1 Mayıs 96 Kadıköy’deyiz! Kök söktürüyoruz düşmana. Emek mancınığı şu eller, çilemizi kaldırım taşlarına sarıp atıyoruz. Çatılardan kiremitle kuşlama yapıyor yoldaşlar, bildiri olmuş yağıyoruz. Ateş açılıyor üzerimize üç arkadaşımız düşüyor oracıkta. İhtilciler açılan ateşi kesmek için tüp gaz kamyonunu kamulaştırıp caddenin başına dayadı. Kolay ölüm yok öleceksek katille birlikte öleceğiz. Ömer Abi ara sokaklara kaçan 30 kişiyi bara alıp kapıyı kilitliyor. Anahtarı pencereden içeri atıp arka cebinde unuttuğu adisyonla koşarak alana dönüyor, canım abim. Alandayım. Sadık dostum gül, hasreti telafi etmek isteyerek aniden kafamda beliriveriyor. Uzun zamandır karşılaşmadığı dostunun yüzünde el gezdiren bir ama gibi kafamda gülü arıyorum. Sonra güller arasından bir kadın beliriyor. Ardına yüzünü gizlediği tülbentini güle bastırıyor. Sonra dalgınlıkla unutup tülbenti gözlerini yakan tere siliyor. Bir çift kanlı gözün altında ince bir tülbent kesiğiyle tanıdığım siper yoldaşımla birdenbire kan kardeş oluyoruz. Kanımı yüzüne silen kadınla 13 yıldır evliyiz. Mahpusluğu düşersek, altı.
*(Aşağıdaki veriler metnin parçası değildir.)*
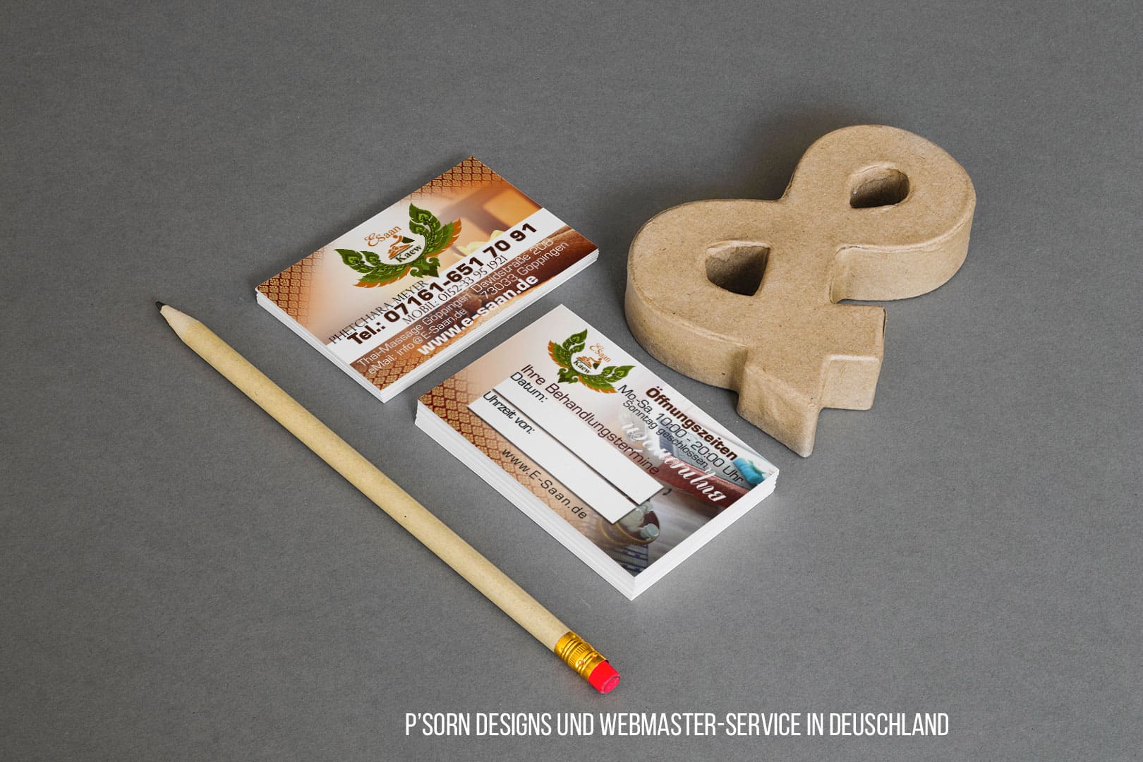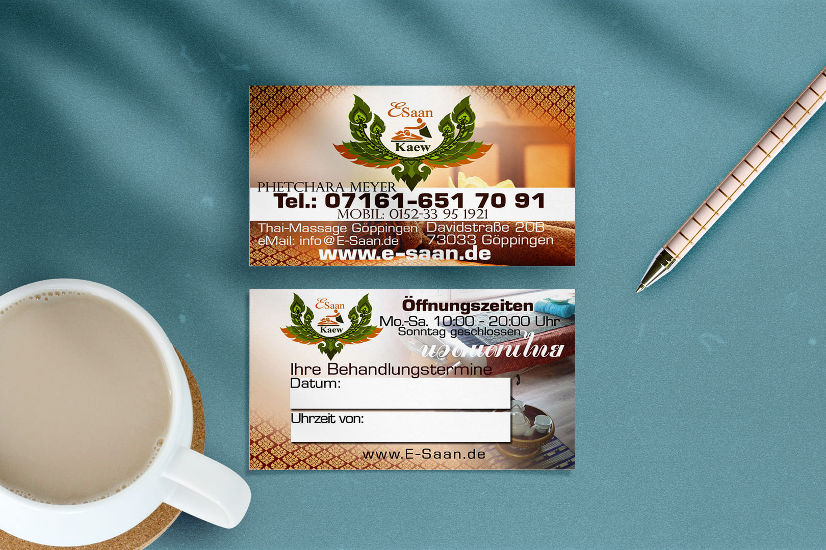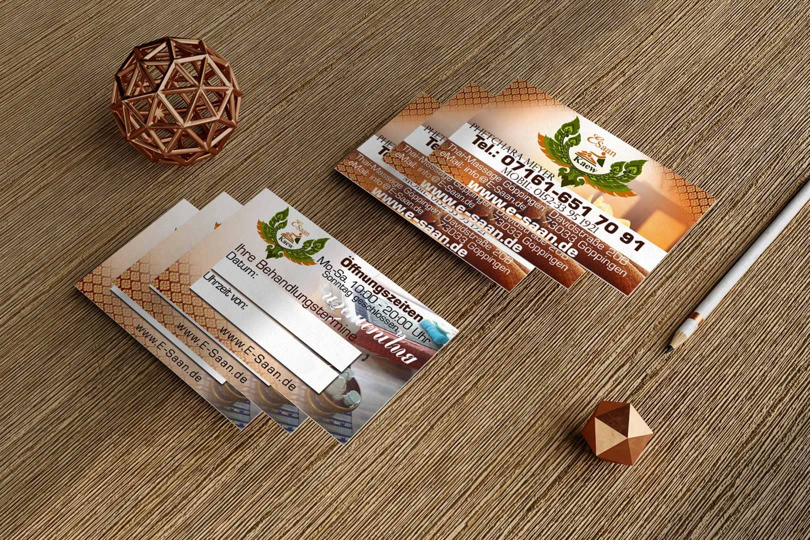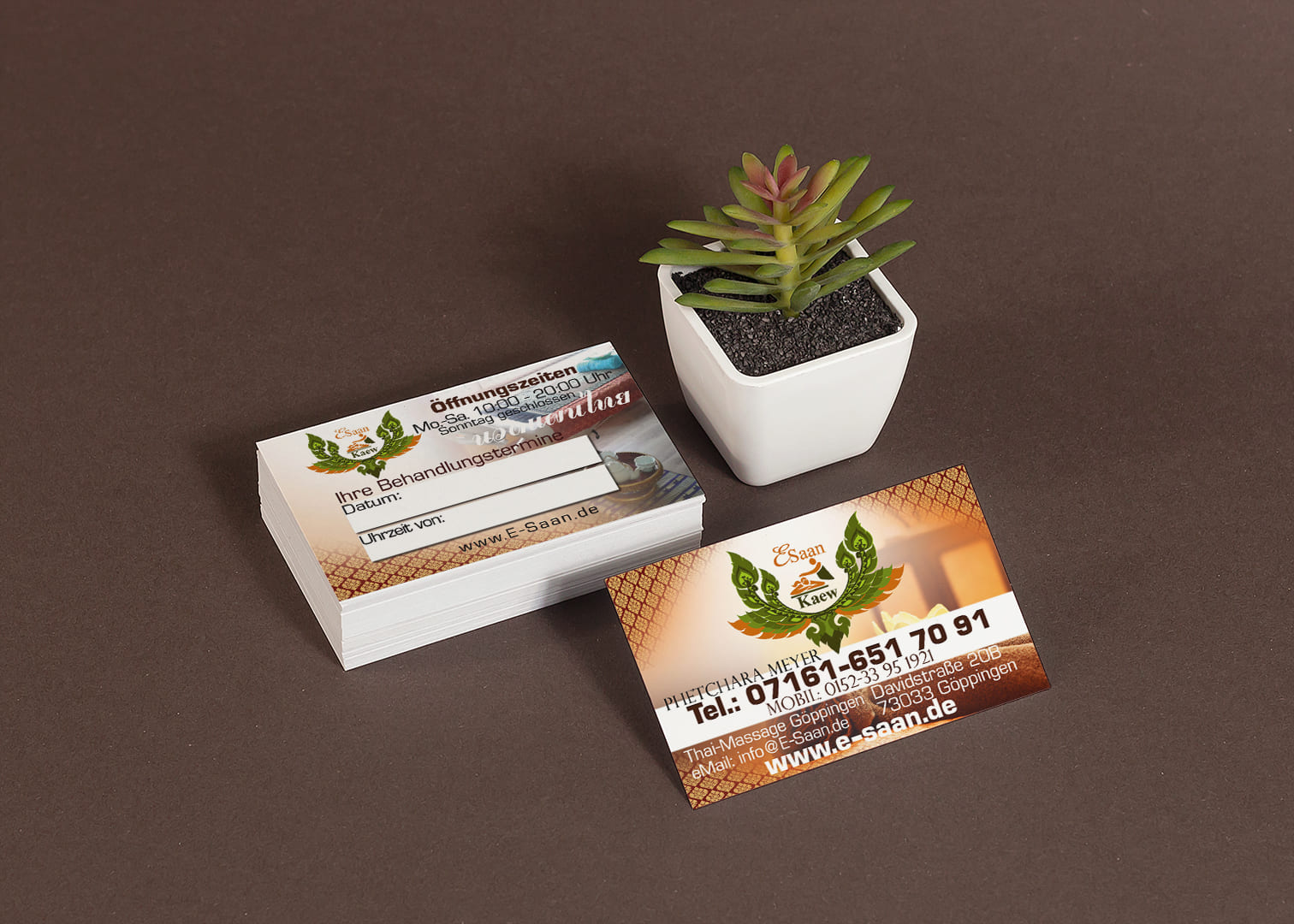Design E-Saan Thai-Massage in Göppingen Tradition trifft Moderne: Unser Thai Mediendesigner aus Deutschland kreiert individuelle Visitenkarten für Ihre Massagepraxis.
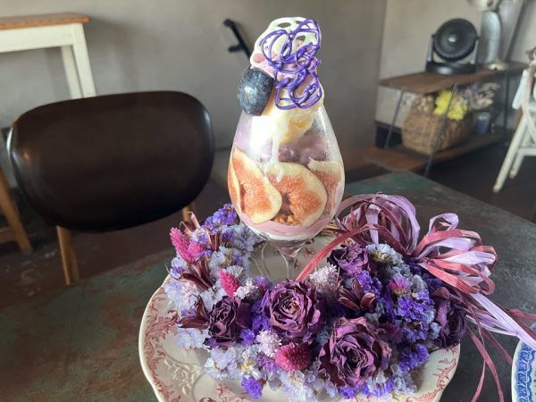 パフェは、ブドウとイチジクの紫パフェでした。 ガレットもパフェもとても凝っていて豪華なのですが、優しい甘さのイチジクとほっこりとした甘さが魅力的な紫芋のおいしさが ぎゅっと詰まった品々で大満足でした!
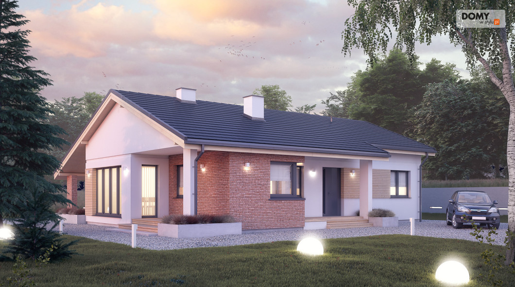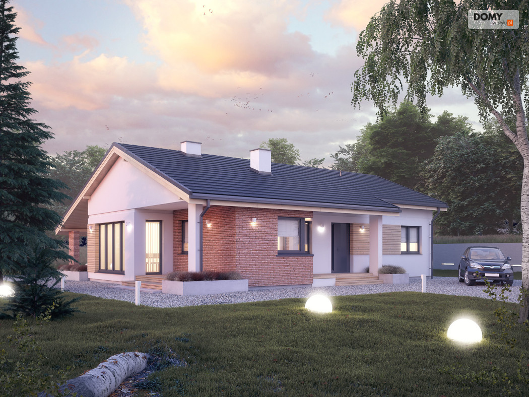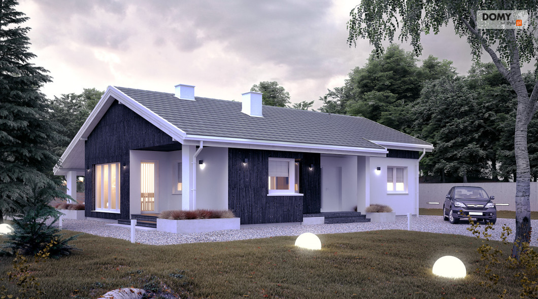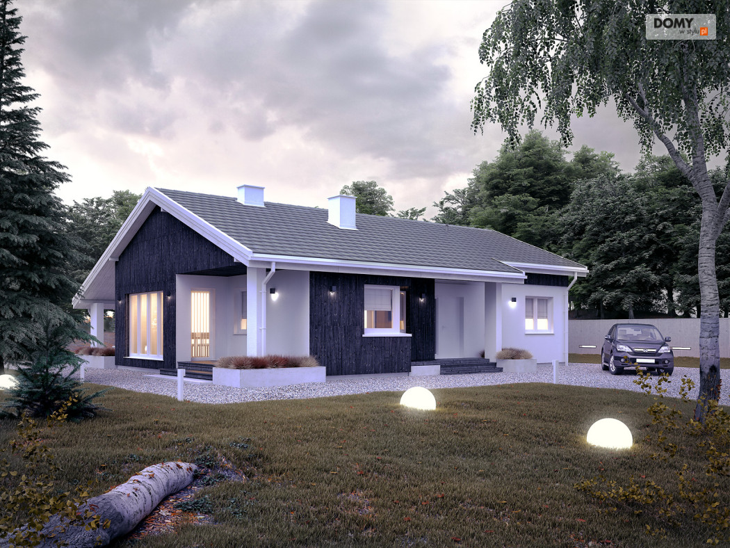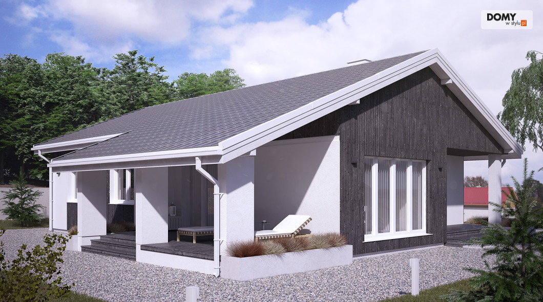 Projekt Malmo jest propozycją parterowego domu mieszkalnego, przeznaczonego dla 3-4 osobowej rodziny.  Program funkcjonalny domu składa się z obszernej sypialni rodziców, dwóch mniejszych pokoi dla dzieci, łazienki, kotłowni, wiatrołapu, kuchni ze spiżarnią oraz salonu z kominkiem i przestrzenią na duży stół jadalny.  Obszerne przeszklenia umożliwiają dodatkowe doświetlenie części dziennej, nadając jej wnętrzu przestronny, współczesny charakter.  Asymetryczna bryła budynku przykryta jest dwuspadowym dachem obejmującym również tarasy dostępne z salonu.  Pokrycie dachu szarą płaską dachówką, oraz rozwiązania materiałowe na elewacji dodają projektowi nowoczesnego wyrazu.
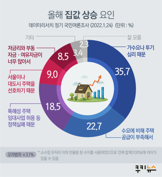 반대로 올해 집값 상승 요인으로는 ‘가수요나 투기심리’가 가장 많은 지목을 받았다. 같은 대상에게 ‘올해 집값이 오른다면 가장 큰 이유는 무엇인가’를 묻고 △저금리와 부동자금·여유자금이 많아서 △수요에 비해 주택 공급이 부족해서 △가수요나 투기심리 때문 △특혜성 주택임대사업 허용 등 정책실패 때문 △서울이나 대도시 주택을 선택하기 때문 △기타 △잘 모르겠다 중 선택하도록 했다.
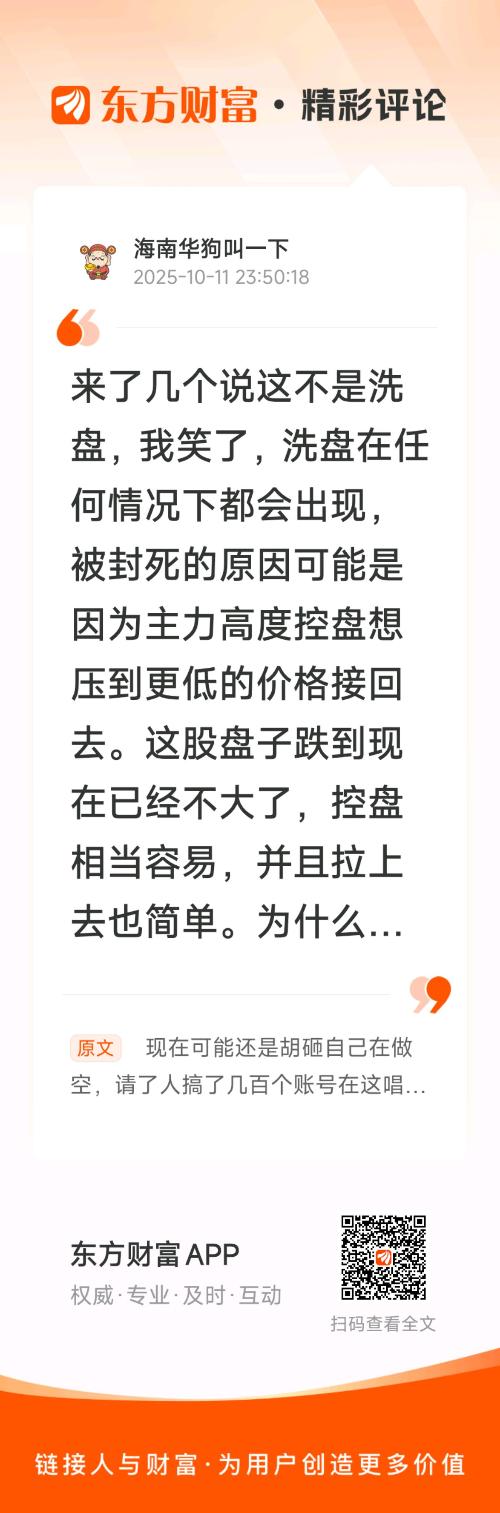 昨天已经说了,一波瞬间吃了16亿,打破主力的阴谋我高兴哈哈//@海南华狗叫一下 :来了几个说这不是洗盘,我笑了,洗盘在任何情况下都会出现,被封死的原因可能是因为主力高度控盘想压到更低的价格接回去。这股盘子跌到现在已经不大了,控盘相当容易,并且拉上去也简单。为什么曾经冲上人气榜第一名三天而且现在还是平均一分钟三条唱空贴子的股会没人接呢?根本不可能有那么多与之无关的好心人在这劝人吧?事出反常必有妖,大概率现在唱空的基本都是主力水军,目标是压到更低价后瞬间吃掉所有前面因为恐慌的挂单。ps:又差点被空头的水军小号刷下来了,重新顶上去
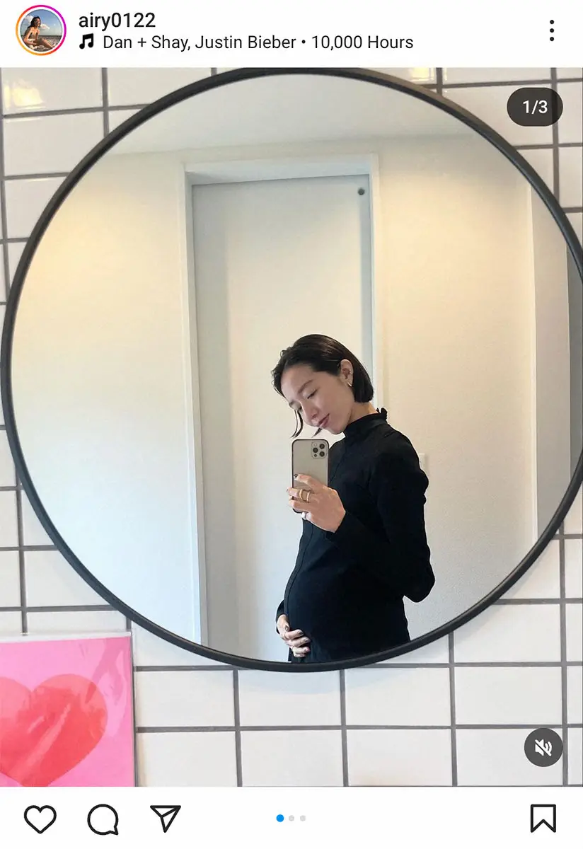 アイリは「この度、お腹に愛おしい命を授かりました。現在妊娠9ヶ月で、桜が咲く頃に家族が増えます」とつづり、ふっくらとしたお腹に愛おしそうに手を当てる写真を投稿した。アイリは21年10月に結婚を発表している。

Şimdi kese kağıdına elli gram lokum, bir çift bağlı elle karşımdasın. Hiçbir şey olmamış gibi değil; sabırlı, gayet yedirerek, acı fren yapmış bir kamyonun yolda bıraktığı izler gibi yıllar kazınmış yüzüne. 34 yaşında basmış yokluğu üvey abi gibi elinden tutup yanında getirmiştin; öpüşün, barışın. Ne kalıyor hasreti karanfil gibi göğsüne takıp bunca zaman bekleyene: Kavuşmakla baş etmek.